Wherever a picture appears, leave it out, and transcribe the rest of the records exactly.

Saved entries
━━━
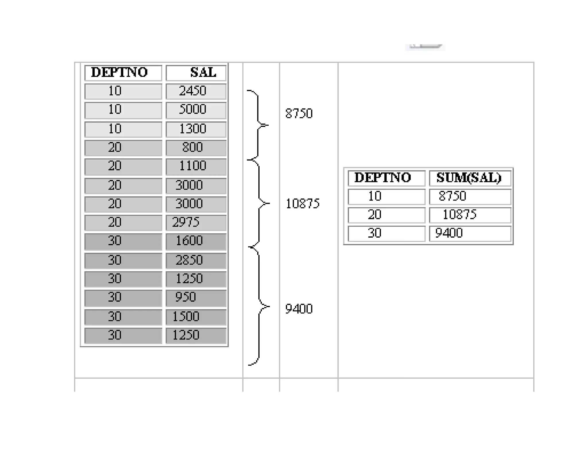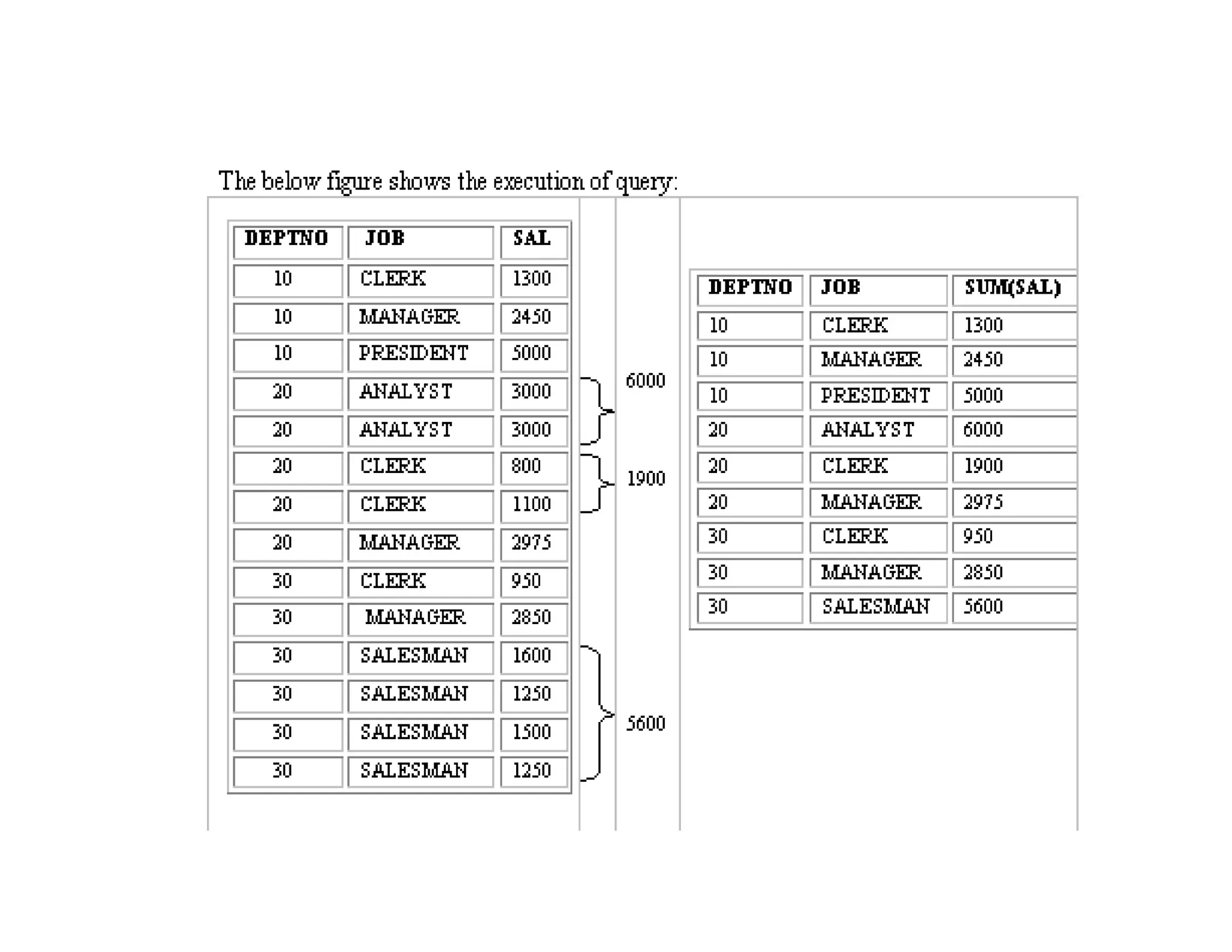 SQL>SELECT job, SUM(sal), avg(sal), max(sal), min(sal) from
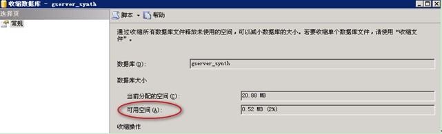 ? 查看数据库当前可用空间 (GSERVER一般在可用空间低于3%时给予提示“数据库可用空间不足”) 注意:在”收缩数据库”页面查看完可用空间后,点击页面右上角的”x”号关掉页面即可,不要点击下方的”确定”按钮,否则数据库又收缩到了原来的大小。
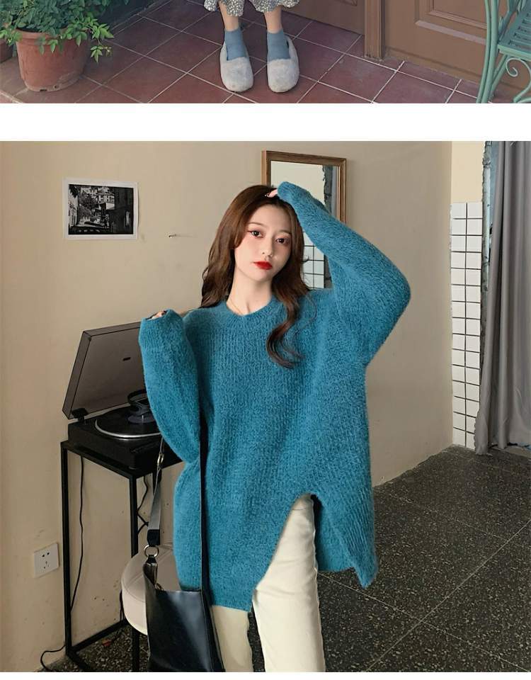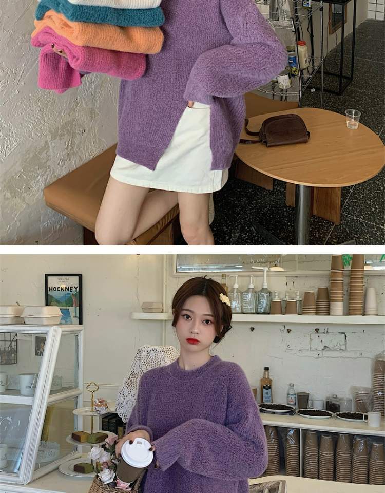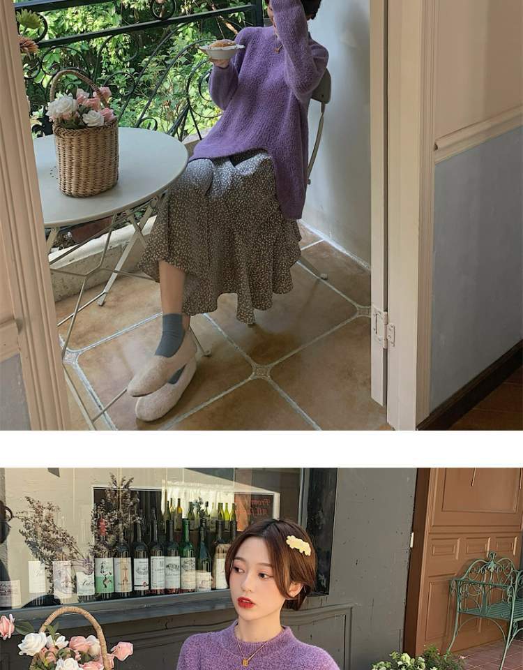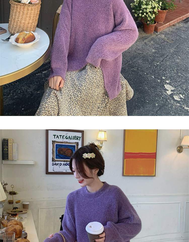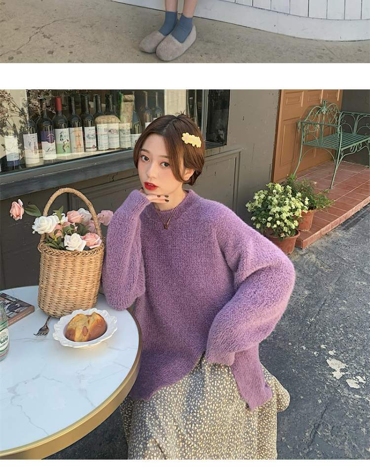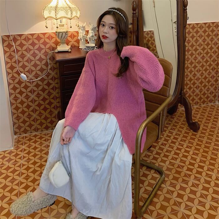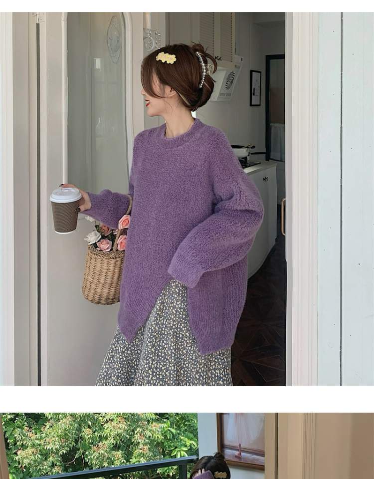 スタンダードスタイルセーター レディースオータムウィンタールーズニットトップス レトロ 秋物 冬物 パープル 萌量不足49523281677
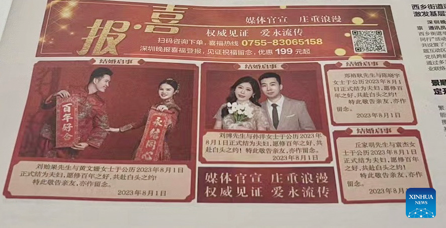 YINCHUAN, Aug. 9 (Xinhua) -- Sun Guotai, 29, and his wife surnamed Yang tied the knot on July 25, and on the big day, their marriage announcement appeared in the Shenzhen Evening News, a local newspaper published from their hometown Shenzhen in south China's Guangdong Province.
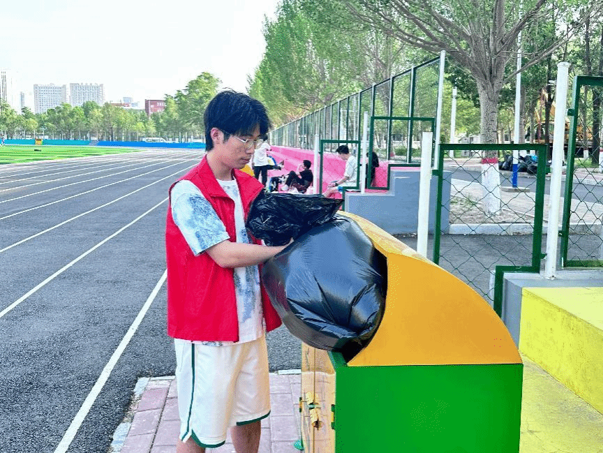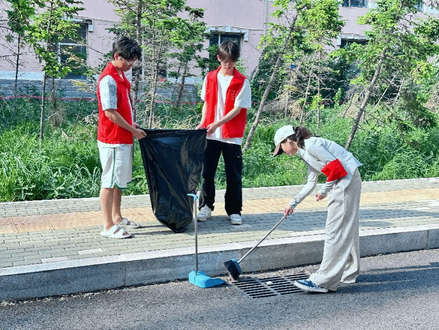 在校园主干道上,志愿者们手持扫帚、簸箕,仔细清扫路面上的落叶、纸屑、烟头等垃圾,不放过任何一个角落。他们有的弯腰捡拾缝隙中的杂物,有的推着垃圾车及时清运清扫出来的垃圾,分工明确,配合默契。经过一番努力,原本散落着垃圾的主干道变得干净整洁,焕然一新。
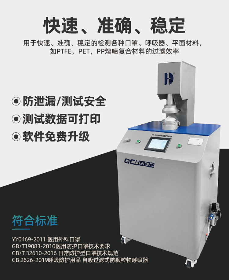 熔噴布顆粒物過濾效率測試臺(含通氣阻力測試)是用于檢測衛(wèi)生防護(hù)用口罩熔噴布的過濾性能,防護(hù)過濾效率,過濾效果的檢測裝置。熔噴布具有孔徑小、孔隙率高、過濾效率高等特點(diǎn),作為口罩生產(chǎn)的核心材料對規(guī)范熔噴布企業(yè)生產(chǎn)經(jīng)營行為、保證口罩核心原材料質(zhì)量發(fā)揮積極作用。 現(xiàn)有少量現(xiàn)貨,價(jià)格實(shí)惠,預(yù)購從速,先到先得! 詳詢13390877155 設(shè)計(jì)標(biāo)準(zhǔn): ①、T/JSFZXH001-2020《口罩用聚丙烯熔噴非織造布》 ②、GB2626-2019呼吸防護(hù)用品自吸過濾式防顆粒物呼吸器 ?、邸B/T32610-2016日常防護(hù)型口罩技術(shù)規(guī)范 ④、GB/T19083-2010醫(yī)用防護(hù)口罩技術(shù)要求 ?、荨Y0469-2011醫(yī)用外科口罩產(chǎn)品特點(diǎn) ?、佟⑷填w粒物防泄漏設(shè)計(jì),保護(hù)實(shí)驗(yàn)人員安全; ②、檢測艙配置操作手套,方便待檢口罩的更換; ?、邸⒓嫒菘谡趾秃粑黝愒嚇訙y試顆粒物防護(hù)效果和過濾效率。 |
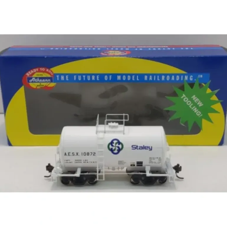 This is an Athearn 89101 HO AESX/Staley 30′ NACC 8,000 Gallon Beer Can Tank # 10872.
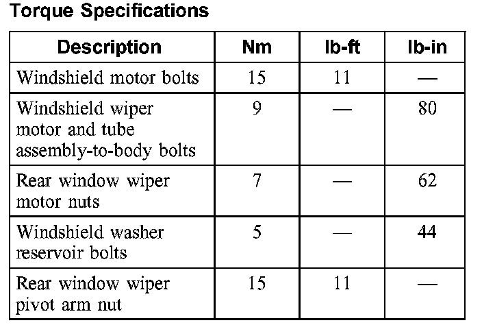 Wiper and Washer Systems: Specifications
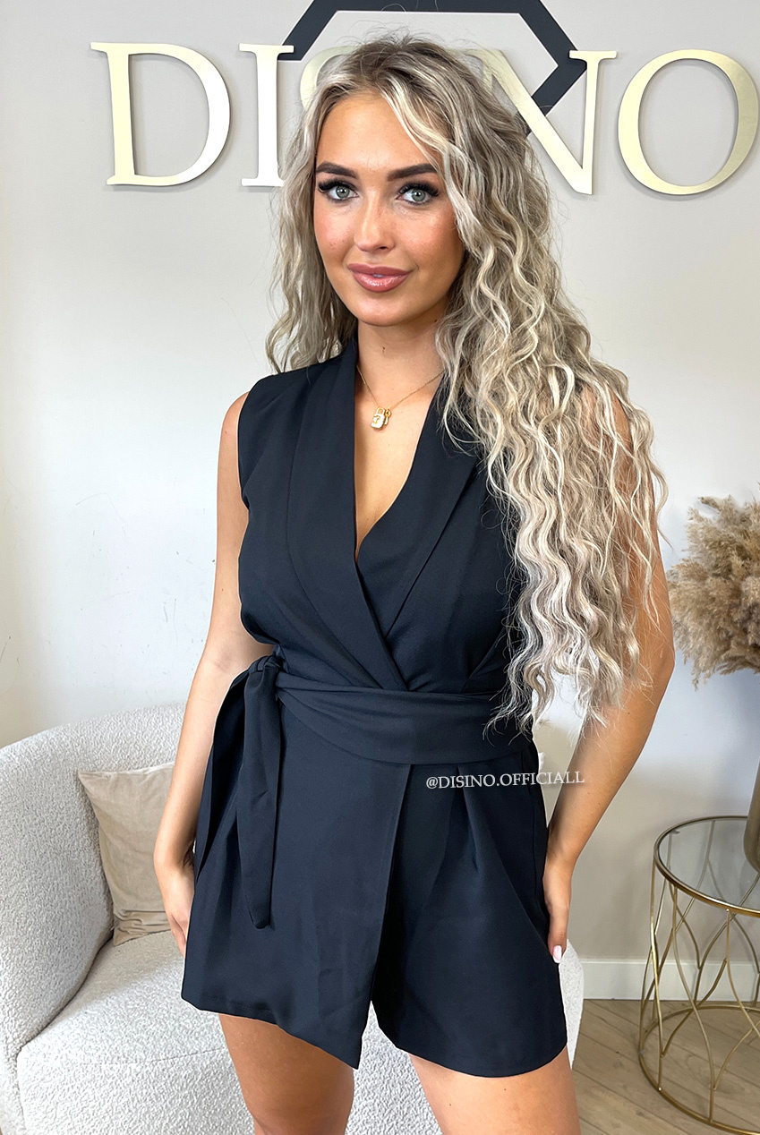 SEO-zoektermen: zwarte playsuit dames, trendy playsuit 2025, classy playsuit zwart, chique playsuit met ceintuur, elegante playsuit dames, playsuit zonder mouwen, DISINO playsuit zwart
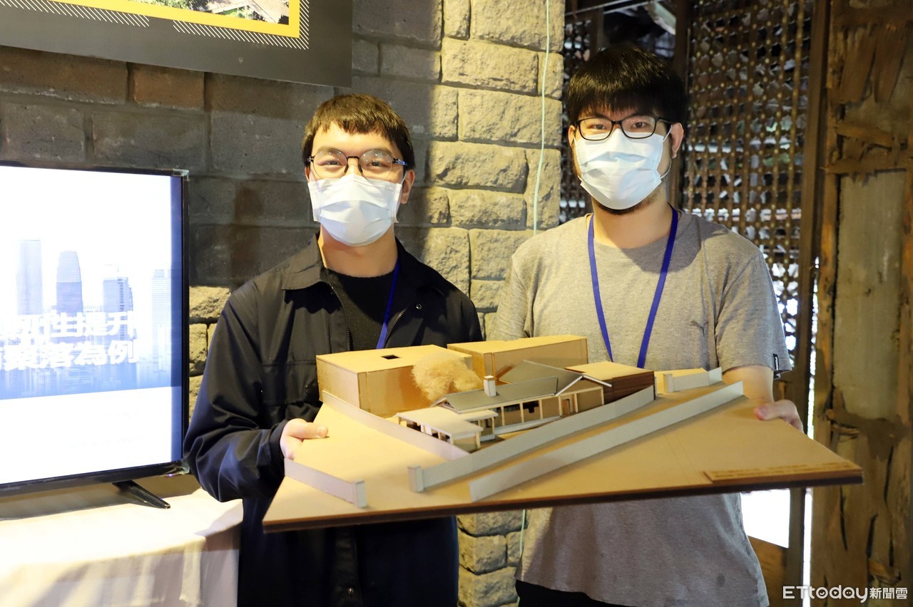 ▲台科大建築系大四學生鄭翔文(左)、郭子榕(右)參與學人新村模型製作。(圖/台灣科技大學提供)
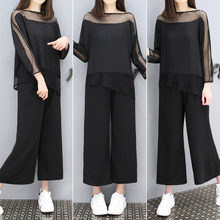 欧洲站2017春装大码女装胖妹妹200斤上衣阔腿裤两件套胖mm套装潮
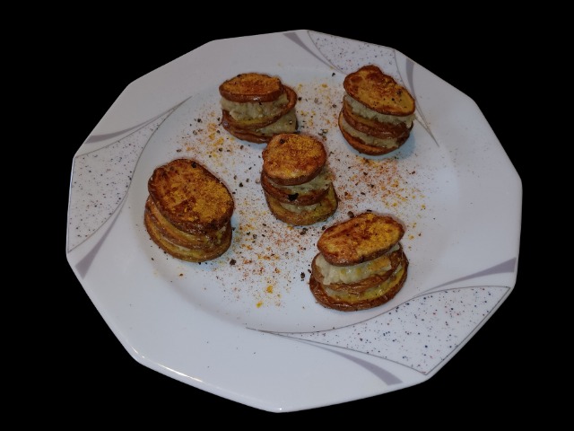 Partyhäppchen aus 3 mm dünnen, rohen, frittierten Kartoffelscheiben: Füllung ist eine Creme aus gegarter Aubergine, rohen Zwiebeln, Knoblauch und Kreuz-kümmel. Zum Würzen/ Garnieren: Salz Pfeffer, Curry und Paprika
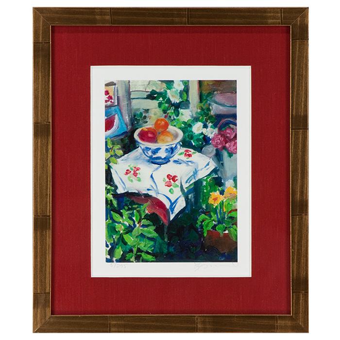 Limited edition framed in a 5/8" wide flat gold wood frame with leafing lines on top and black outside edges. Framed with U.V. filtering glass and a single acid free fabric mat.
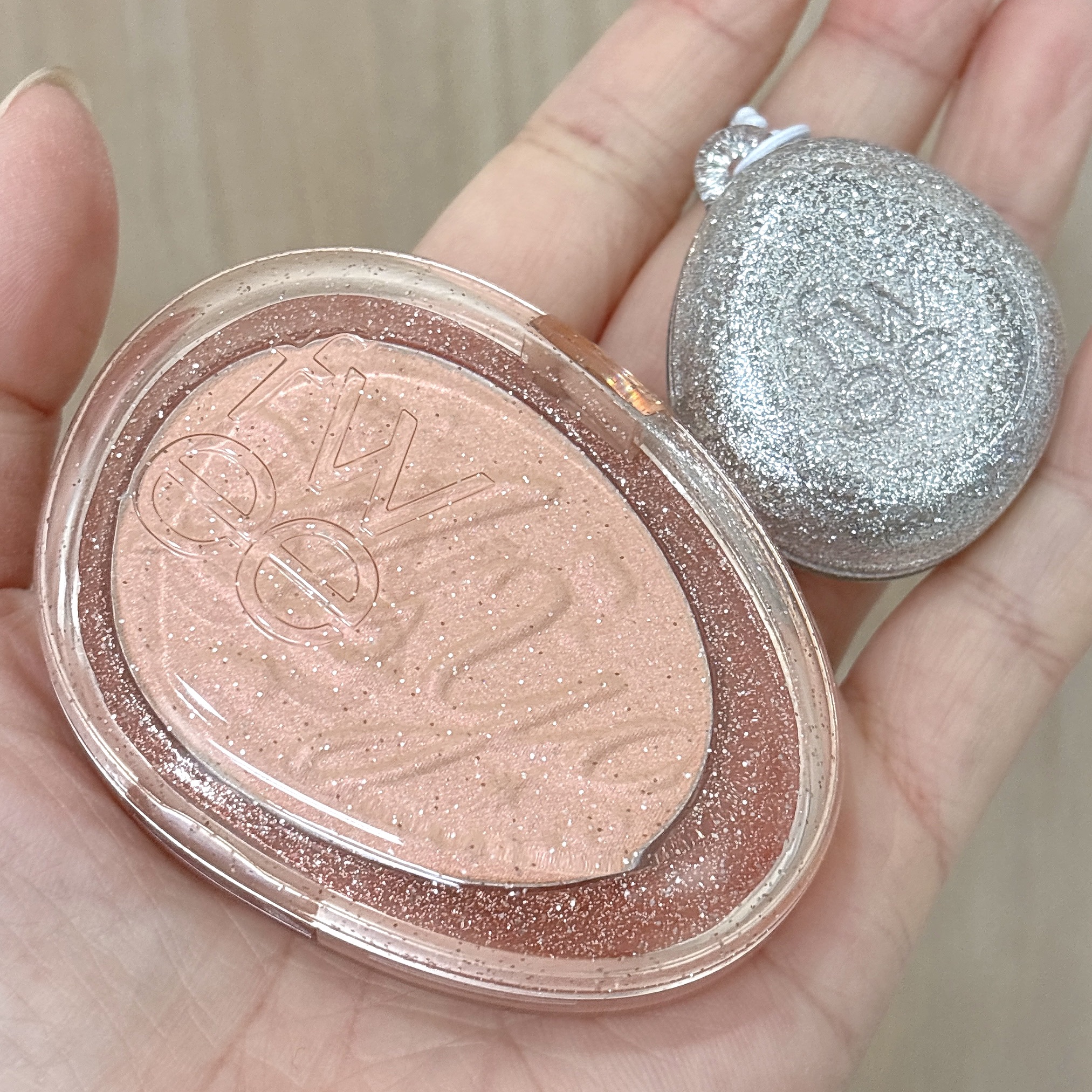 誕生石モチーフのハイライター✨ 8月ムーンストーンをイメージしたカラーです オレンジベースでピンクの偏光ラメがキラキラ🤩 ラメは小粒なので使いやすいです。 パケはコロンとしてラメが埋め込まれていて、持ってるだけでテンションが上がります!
━━━
#### Output of the exercise:
 SQL>SELECT job, SUM(sal), avg(sal), max(sal), min(sal) from
 ? 查看数据库当前可用空间 (GSERVER一般在可用空间低于3%时给予提示“数据库可用空间不足”) 注意:在”收缩数据库”页面查看完可用空间后,点击页面右上角的”x”号关掉页面即可,不要点击下方的”确定”按钮,否则数据库又收缩到了原来的大小。
 スタンダードスタイルセーター レディースオータムウィンタールーズニットトップス レトロ 秋物 冬物 パープル 萌量不足49523281677
 YINCHUAN, Aug. 9 (Xinhua) -- Sun Guotai, 29, and his wife surnamed Yang tied the knot on July 25, and on the big day, their marriage announcement appeared in the Shenzhen Evening News, a local newspaper published from their hometown Shenzhen in south China's Guangdong Province.
 在校园主干道上,志愿者们手持扫帚、簸箕,仔细清扫路面上的落叶、纸屑、烟头等垃圾,不放过任何一个角落。他们有的弯腰捡拾缝隙中的杂物,有的推着垃圾车及时清运清扫出来的垃圾,分工明确,配合默契。经过一番努力,原本散落着垃圾的主干道变得干净整洁,焕然一新。
 熔噴布顆粒物過濾效率測試臺(含通氣阻力測試)是用于檢測衛(wèi)生防護(hù)用口罩熔噴布的過濾性能,防護(hù)過濾效率,過濾效果的檢測裝置。熔噴布具有孔徑小、孔隙率高、過濾效率高等特點(diǎn),作為口罩生產(chǎn)的核心材料對規(guī)范熔噴布企業(yè)生產(chǎn)經(jīng)營行為、保證口罩核心原材料質(zhì)量發(fā)揮積極作用。 現(xiàn)有少量現(xiàn)貨,價(jià)格實(shí)惠,預(yù)購從速,先到先得! 詳詢13390877155 設(shè)計(jì)標(biāo)準(zhǔn): ①、T/JSFZXH001-2020《口罩用聚丙烯熔噴非織造布》 ②、GB2626-2019呼吸防護(hù)用品自吸過濾式防顆粒物呼吸器 ?、邸B/T32610-2016日常防護(hù)型口罩技術(shù)規(guī)范 ④、GB/T19083-2010醫(yī)用防護(hù)口罩技術(shù)要求 ?、荨Y0469-2011醫(yī)用外科口罩產(chǎn)品特點(diǎn) ?、佟⑷填w粒物防泄漏設(shè)計(jì),保護(hù)實(shí)驗(yàn)人員安全; ②、檢測艙配置操作手套,方便待檢口罩的更換; ?、邸⒓嫒菘谡趾秃粑黝愒嚇訙y試顆粒物防護(hù)效果和過濾效率。 |
 This is an Athearn 89101 HO AESX/Staley 30′ NACC 8,000 Gallon Beer Can Tank # 10872.
 Wiper and Washer Systems: Specifications
 SEO-zoektermen: zwarte playsuit dames, trendy playsuit 2025, classy playsuit zwart, chique playsuit met ceintuur, elegante playsuit dames, playsuit zonder mouwen, DISINO playsuit zwart
 ▲台科大建築系大四學生鄭翔文(左)、郭子榕(右)參與學人新村模型製作。(圖/台灣科技大學提供)
 欧洲站2017春装大码女装胖妹妹200斤上衣阔腿裤两件套胖mm套装潮
 Partyhäppchen aus 3 mm dünnen, rohen, frittierten Kartoffelscheiben: Füllung ist eine Creme aus gegarter Aubergine, rohen Zwiebeln, Knoblauch und Kreuz-kümmel. Zum Würzen/ Garnieren: Salz Pfeffer, Curry und Paprika
 Limited edition framed in a 5/8" wide flat gold wood frame with leafing lines on top and black outside edges. Framed with U.V. filtering glass and a single acid free fabric mat.
 誕生石モチーフのハイライター✨ 8月ムーンストーンをイメージしたカラーです オレンジベースでピンクの偏光ラメがキラキラ🤩 ラメは小粒なので使いやすいです。 パケはコロンとしてラメが埋め込まれていて、持ってるだけでテンションが上がります!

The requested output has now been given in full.